From their days at Cambridge, the Pythons (John Cleese, Graham Chapman, Michael Palin, Terry Jones and Eric Idle) graduated, though not altogether, through such sixties shows as At Last The 1948 Show , The Frost Report, Do Not Adjust Your Set and The Complete and Utter History of Britain.
Securing a BBC commitment for the new comedy troop, the series went into production. What the series didn't have was an air date, a time-slot or even a name! With episodes already being filmed, the group found themselves under increasing pressure from the BBC to name their show.
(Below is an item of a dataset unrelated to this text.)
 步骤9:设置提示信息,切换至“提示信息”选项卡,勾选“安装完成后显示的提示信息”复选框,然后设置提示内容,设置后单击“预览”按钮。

Owl-Stretching Time, Whither Canada?, The Whizzo Easishow, The Toad Elevating Moment and The Venus Di Milo Panic Show were all seriously considered before the team duly informed the BBC that the show would simply be called It's.
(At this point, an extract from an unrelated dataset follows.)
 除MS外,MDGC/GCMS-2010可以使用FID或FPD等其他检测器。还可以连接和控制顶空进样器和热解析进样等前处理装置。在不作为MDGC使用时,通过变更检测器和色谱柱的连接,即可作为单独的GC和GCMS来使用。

The conservative network was not impressed and the series was given a Siberian time slot at 10:30 on Sunday nights, and told to come up with a more memorable name. Eventually they came up with Monty Pythons Flying Circus and took to the air in earnest. By the end of their second run there were mounting fears from within the BBC hierarchy. They used phrases like 'disgusting', 'appalling taste' and 'wallowed in sadism'. But the Pythons pressed on.
In 1972 they won the BAFTA award for Best Light Entertainment Program, a sure sign of finally being accepted, and went on to make a fourth series (just called Monty Python) without John Cleese.
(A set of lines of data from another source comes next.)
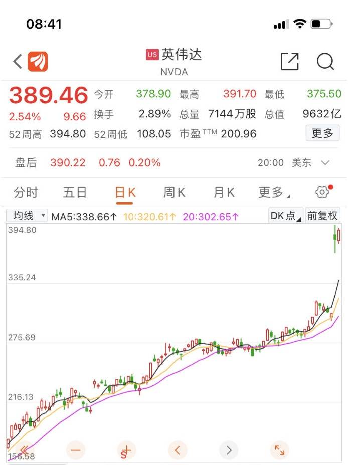 上周,由于对处理AI任务的数据中心芯片的强烈需求,英伟达大幅提高了对本季度的业绩指引,比分析师的估计高出近40亿美元。业绩指引的提高使该股创下历史新高,并使英伟达的估值接近1万亿美元,这还是芯片业中首次有公司市值达到这一高度。
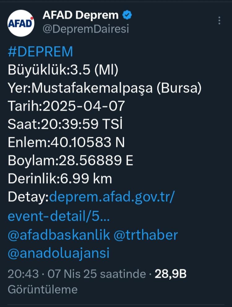 Bursa Mustafakemalpaşa'da saat 20:39'da derinliği 6.99 kilometrede 3.5 büyüklüğünde bir deprem meydana geldi.
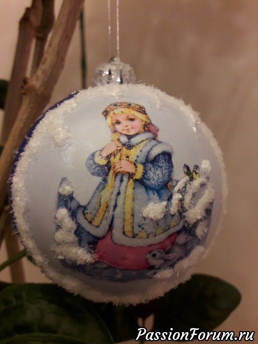 Декупаж новогоднего шара на елку.
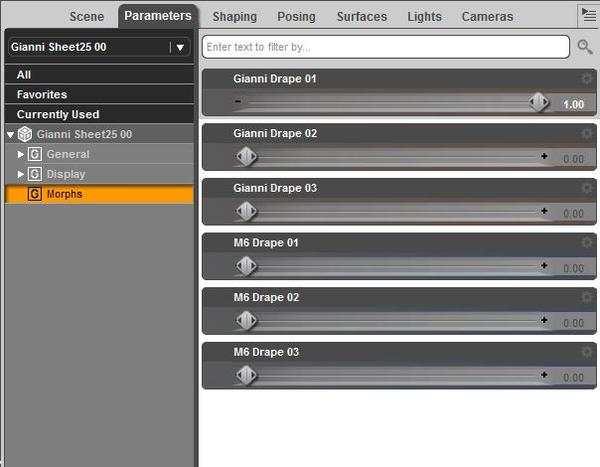 I see different morphs, but nothing related to the drape...
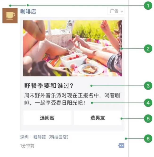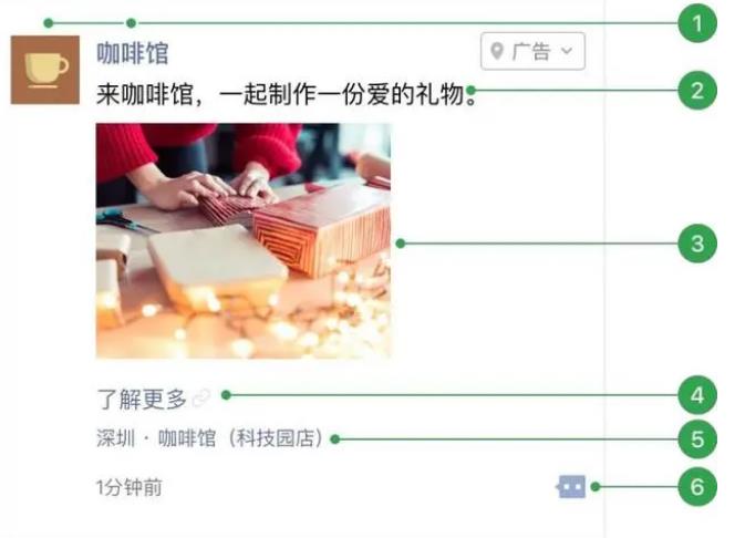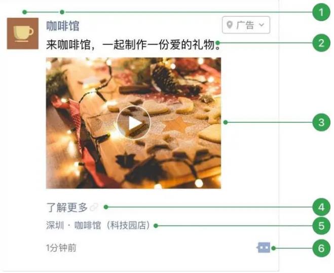 2. 外層圖片、小視頻;3. 外層文案標題(可選);4.外層文案詳情;5.門店標識(有線下門店可選擇展示);6.用戶社交互動。

What was so funny? Well, where does one start?
Hairdressers scaling Mount Everest (and opening a salon in the process, using the last of their oxygen to power the dryers)
Anne Elk (Miss) and her theory about Brontosauruses
Bounder of Adventure
Dead Parrot
The Proust recital contest where they couldn't decide who should win so they gave the trophy to the "woman with the biggest tits"
Arthur 'Two-Sheds' Jackson
Nudge, Nudge
The funniest joke in the world
A man with three buttocks
How to recognise different types of tree from quite a long way off
A man with a tape recorder up his nose
Arthur Pewtie, who suspects his wife is being unfaithful and goes for marriage counselling, only to watch the counsellor make love to his wife
The Lumberjack Song
Albatross
"Me Doctor?"
The Spanish Inquisition (totally unexpected!)
Gumby Flower Arranging;
Spam, spam, spam and spam
The Fish Slapping Dance
The man who believes he's qualified to be a lion tamer because he already has the hat
'Hitting On The Head' Lessons
Kilimanjaro expedition with double vision
A cheese-shop owner whose shop is "completely uncontaminated by cheese"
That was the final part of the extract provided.